January 28th, 2015 a general surgeon repaired an
obturator hernia ending 15 years of intermittent episodes of debilitating
abdominal pain. (Obturator hernias are pretty rare, extremely difficult to
diagnose and therefore dangerous, and often seen in frail old women who’ve had a
lot of kids. That last part never fails to amuse me.)
20 years, 4 years, 1 year. All occurred at the end of
January, which is the month when we Americans celebrate fresh starts, new
beginnings, and setting aside old ways. Last year as I prepared for surgery
amidst panic-laced anxiety, God reminded me of a favorite verse. Isaiah 46:4(NIV) says, “Even to your old age and
gray hairs I am he, I am he who will sustain you. I have made you and I will
carry you; I will sustain you and I will rescue you.” I love the fact that
God will sustain me—I don’t have to sustain myself. But I also love that he
reminds me that he was the one who made me. Marfan Syndrome and all of its
challenges aren’t a surprise to him. He made me and he promises he will carry
me. He’s not going to get tired, neither my problems nor I are going to get too
big for him, he’s not going to regret making me in the first place because I
need to be carried more than I see others needing it. That’s love that I can celebrate.
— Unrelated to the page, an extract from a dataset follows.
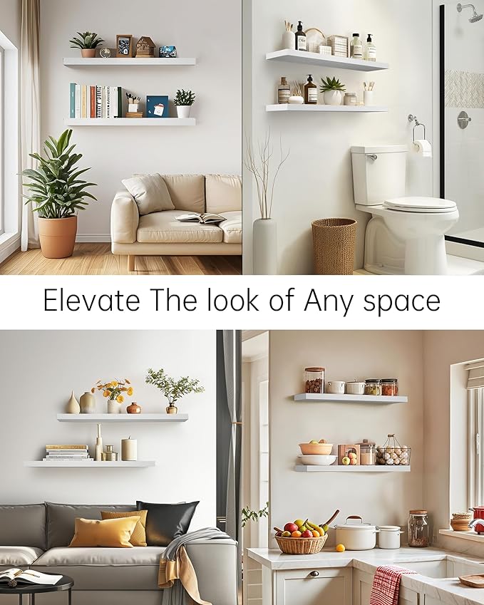 BAYKA Floating Shelves for Wall, 36 inches Long Wall Mounted Rustic Wood Shelves for Bathroom, Bedroom, Living Room, Kitchen, Office, Hanging Shelf for Books/Storage/Decor(White,Set of 2)
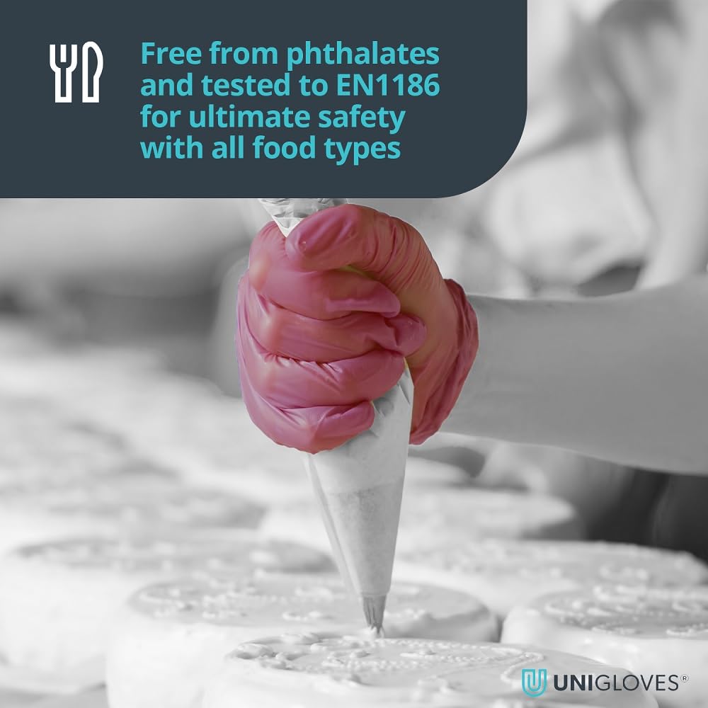 UNIGLOVES Burgundy Pearl Nitril-Untersuchungshandschuhe - vielseitig einsetzbar, puderfreie und latexfreie Einweghandschuhe - Box mit 100 Handschuhen, Burgunderrot, Gross (GP0124)

This year, as I journaled and prayed about celebrating my
life, God led me to another verse. Isaiah 64:3 & 4 says, “We remember that long ago you did amazing
things for us that we had never dreamed you’d do. You came down, and the
mountains shook at your presence. Nothing like that had ever happened before—no
eye had ever seen, and no ear had ever heard such wonders, but you did them
then for the sake of your people, for those who trusted in you. (VOICE) The
first line is the one that really gets me, “You did amazing things for us that
we had never dreamed you’d do.” Before my dissection I firmly believed that if
my aorta dissected I would die. Not that I might die, that I WOULD die. As I endured 6 years of
headaches and 15 years of abdominal pain I thought maybe this pain was just
something I needed to get used to, maybe healing these things wasn’t going to
happen for me. God didn’t need unwavering faith, he didn’t need my vigilance,
and he didn’t need my expectation for these amazing things to happen.
Over and over again, in all of our lives, God does amazing
things. He redeems and he reclaims and he puts the right people in our lives
when we need help to heal. He gives life—a free and clear gift, assuring us we
owe him nothing in return. I remember and I celebrate.